EXERCISE INPUT:

____________________

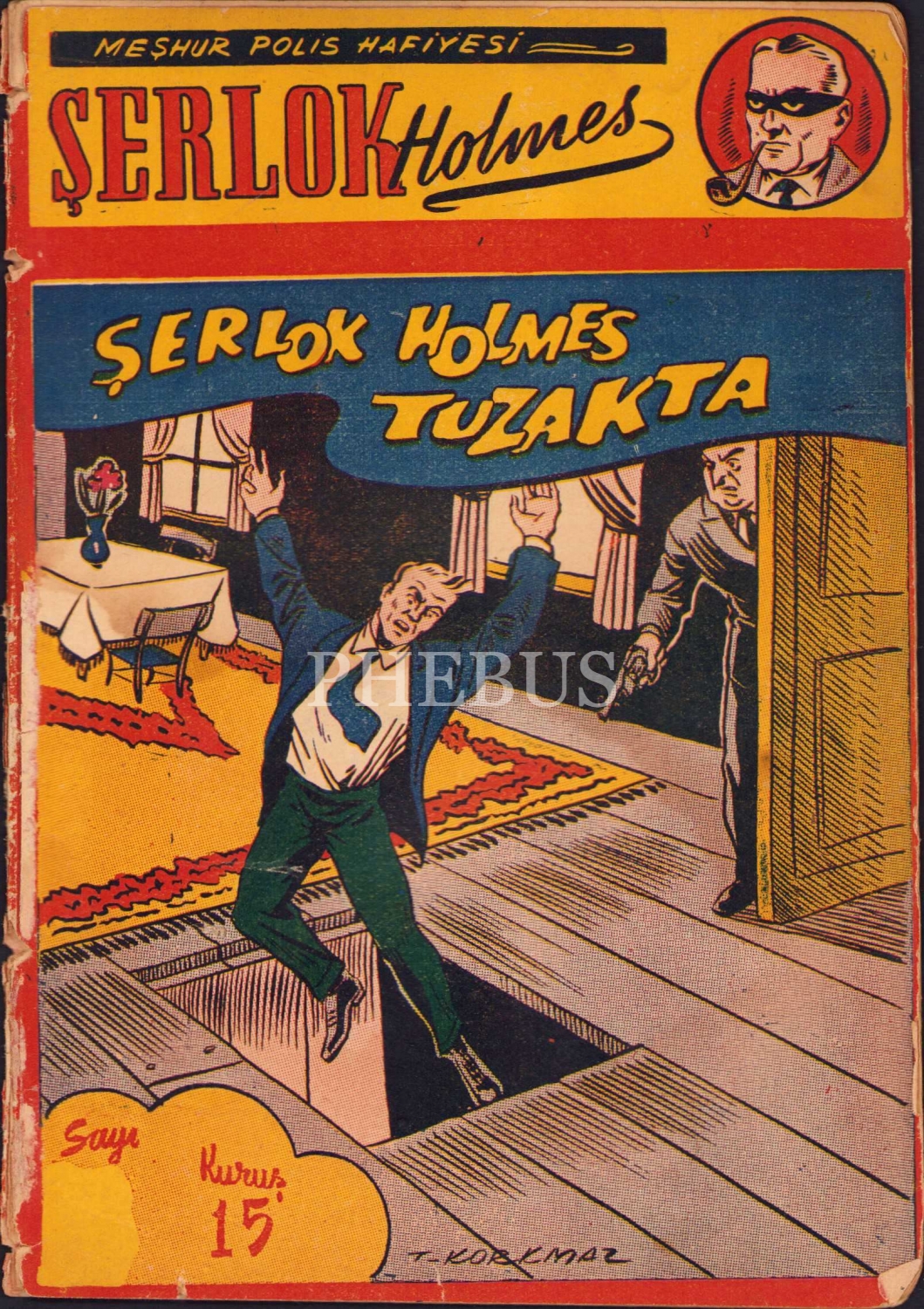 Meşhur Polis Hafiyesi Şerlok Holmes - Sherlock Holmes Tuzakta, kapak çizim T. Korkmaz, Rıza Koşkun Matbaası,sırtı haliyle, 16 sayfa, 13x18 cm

____________________

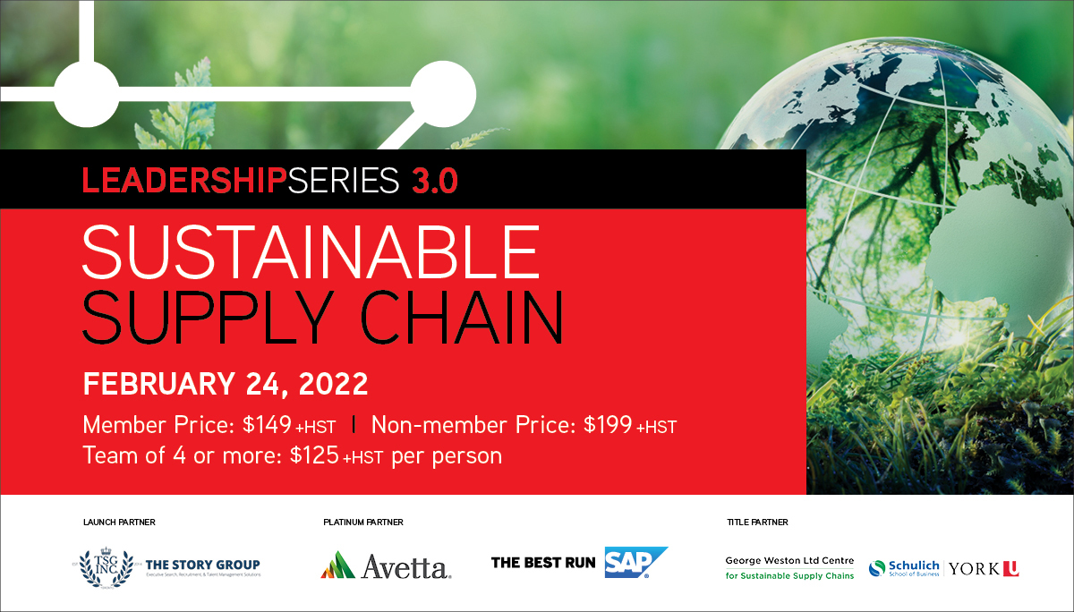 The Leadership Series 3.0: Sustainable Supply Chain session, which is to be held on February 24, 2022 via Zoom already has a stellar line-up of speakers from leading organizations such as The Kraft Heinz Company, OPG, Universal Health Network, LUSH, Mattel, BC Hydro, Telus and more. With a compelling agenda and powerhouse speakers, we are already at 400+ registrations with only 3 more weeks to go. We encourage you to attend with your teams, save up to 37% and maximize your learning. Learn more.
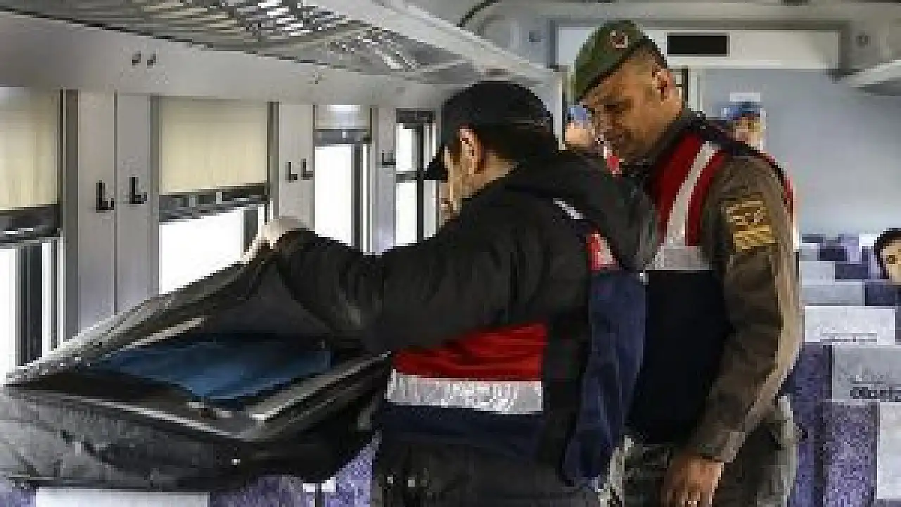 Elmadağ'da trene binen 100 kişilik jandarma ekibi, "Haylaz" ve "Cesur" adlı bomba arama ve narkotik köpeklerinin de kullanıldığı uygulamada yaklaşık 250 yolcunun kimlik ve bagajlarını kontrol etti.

____________________

TASK GOAL:
Output only the lines above from the one containing "The Leadership Series" to the one containing "Elmadağ'da trene binen", both included, exactly as written and with no pictures.

SOLUTION TO THE PROBLEM:
 The Leadership Series 3.0: Sustainable Supply Chain session, which is to be held on February 24, 2022 via Zoom already has a stellar line-up of speakers from leading organizations such as The Kraft Heinz Company, OPG, Universal Health Network, LUSH, Mattel, BC Hydro, Telus and more. With a compelling agenda and powerhouse speakers, we are already at 400+ registrations with only 3 more weeks to go. We encourage you to attend with your teams, save up to 37% and maximize your learning. Learn more.
 Elmadağ'da trene binen 100 kişilik jandarma ekibi, "Haylaz" ve "Cesur" adlı bomba arama ve narkotik köpeklerinin de kullanıldığı uygulamada yaklaşık 250 yolcunun kimlik ve bagajlarını kontrol etti.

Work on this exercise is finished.